Task brief:
Without adding anything, give again the lines from the one holding "Obraz premium Adorable" through the final line of the records, exactly, with both ends included and pictures dropped.

Records supplied:
▼

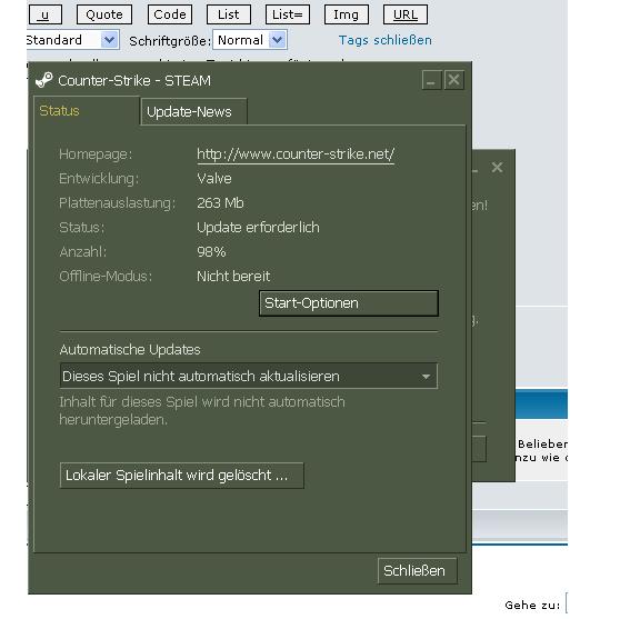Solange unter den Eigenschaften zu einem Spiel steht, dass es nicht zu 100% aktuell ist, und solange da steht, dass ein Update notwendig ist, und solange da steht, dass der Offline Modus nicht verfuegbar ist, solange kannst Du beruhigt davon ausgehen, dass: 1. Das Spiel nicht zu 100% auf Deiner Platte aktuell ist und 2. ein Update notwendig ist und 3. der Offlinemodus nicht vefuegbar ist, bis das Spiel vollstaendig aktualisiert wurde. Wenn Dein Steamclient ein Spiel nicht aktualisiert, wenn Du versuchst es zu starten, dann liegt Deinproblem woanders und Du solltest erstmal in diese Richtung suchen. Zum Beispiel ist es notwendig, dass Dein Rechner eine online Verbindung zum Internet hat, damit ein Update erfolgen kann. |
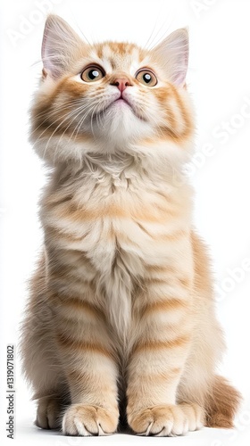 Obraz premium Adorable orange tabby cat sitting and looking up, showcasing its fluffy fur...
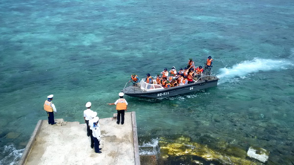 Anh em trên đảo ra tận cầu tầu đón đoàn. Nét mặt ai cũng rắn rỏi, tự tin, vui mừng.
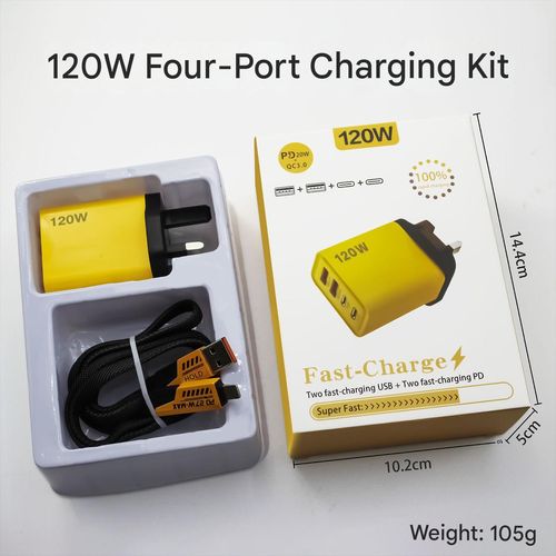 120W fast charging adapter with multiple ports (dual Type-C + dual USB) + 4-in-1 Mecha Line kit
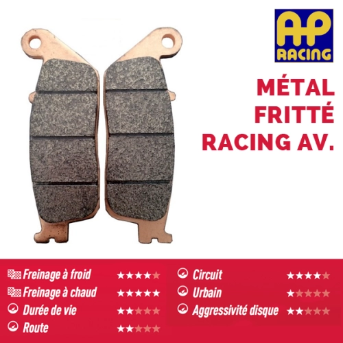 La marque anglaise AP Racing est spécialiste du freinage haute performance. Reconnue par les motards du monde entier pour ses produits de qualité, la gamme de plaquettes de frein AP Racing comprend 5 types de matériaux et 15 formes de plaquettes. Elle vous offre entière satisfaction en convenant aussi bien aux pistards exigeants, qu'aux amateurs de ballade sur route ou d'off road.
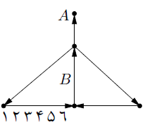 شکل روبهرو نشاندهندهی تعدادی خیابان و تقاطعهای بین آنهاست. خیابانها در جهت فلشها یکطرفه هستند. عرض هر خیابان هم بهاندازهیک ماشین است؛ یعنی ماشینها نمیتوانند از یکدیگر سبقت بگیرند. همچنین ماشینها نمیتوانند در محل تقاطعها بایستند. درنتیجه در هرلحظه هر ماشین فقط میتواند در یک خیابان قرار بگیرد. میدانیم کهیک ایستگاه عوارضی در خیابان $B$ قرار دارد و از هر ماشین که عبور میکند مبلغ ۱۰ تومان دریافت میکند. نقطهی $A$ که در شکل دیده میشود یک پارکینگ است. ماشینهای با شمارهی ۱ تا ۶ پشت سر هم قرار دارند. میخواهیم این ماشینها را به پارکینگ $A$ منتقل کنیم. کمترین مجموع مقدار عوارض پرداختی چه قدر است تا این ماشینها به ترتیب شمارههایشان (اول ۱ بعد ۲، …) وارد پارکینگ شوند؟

▲

Result for this task:
 Obraz premium Adorable orange tabby cat sitting and looking up, showcasing its fluffy fur...
 Anh em trên đảo ra tận cầu tầu đón đoàn. Nét mặt ai cũng rắn rỏi, tự tin, vui mừng.
 120W fast charging adapter with multiple ports (dual Type-C + dual USB) + 4-in-1 Mecha Line kit
 La marque anglaise AP Racing est spécialiste du freinage haute performance. Reconnue par les motards du monde entier pour ses produits de qualité, la gamme de plaquettes de frein AP Racing comprend 5 types de matériaux et 15 formes de plaquettes. Elle vous offre entière satisfaction en convenant aussi bien aux pistards exigeants, qu'aux amateurs de ballade sur route ou d'off road.
 شکل روبهرو نشاندهندهی تعدادی خیابان و تقاطعهای بین آنهاست. خیابانها در جهت فلشها یکطرفه هستند. عرض هر خیابان هم بهاندازهیک ماشین است؛ یعنی ماشینها نمیتوانند از یکدیگر سبقت بگیرند. همچنین ماشینها نمیتوانند در محل تقاطعها بایستند. درنتیجه در هرلحظه هر ماشین فقط میتواند در یک خیابان قرار بگیرد. میدانیم کهیک ایستگاه عوارضی در خیابان $B$ قرار دارد و از هر ماشین که عبور میکند مبلغ ۱۰ تومان دریافت میکند. نقطهی $A$ که در شکل دیده میشود یک پارکینگ است. ماشینهای با شمارهی ۱ تا ۶ پشت سر هم قرار دارند. میخواهیم این ماشینها را به پارکینگ $A$ منتقل کنیم. کمترین مجموع مقدار عوارض پرداختی چه قدر است تا این ماشینها به ترتیب شمارههایشان (اول ۱ بعد ۲، …) وارد پارکینگ شوند؟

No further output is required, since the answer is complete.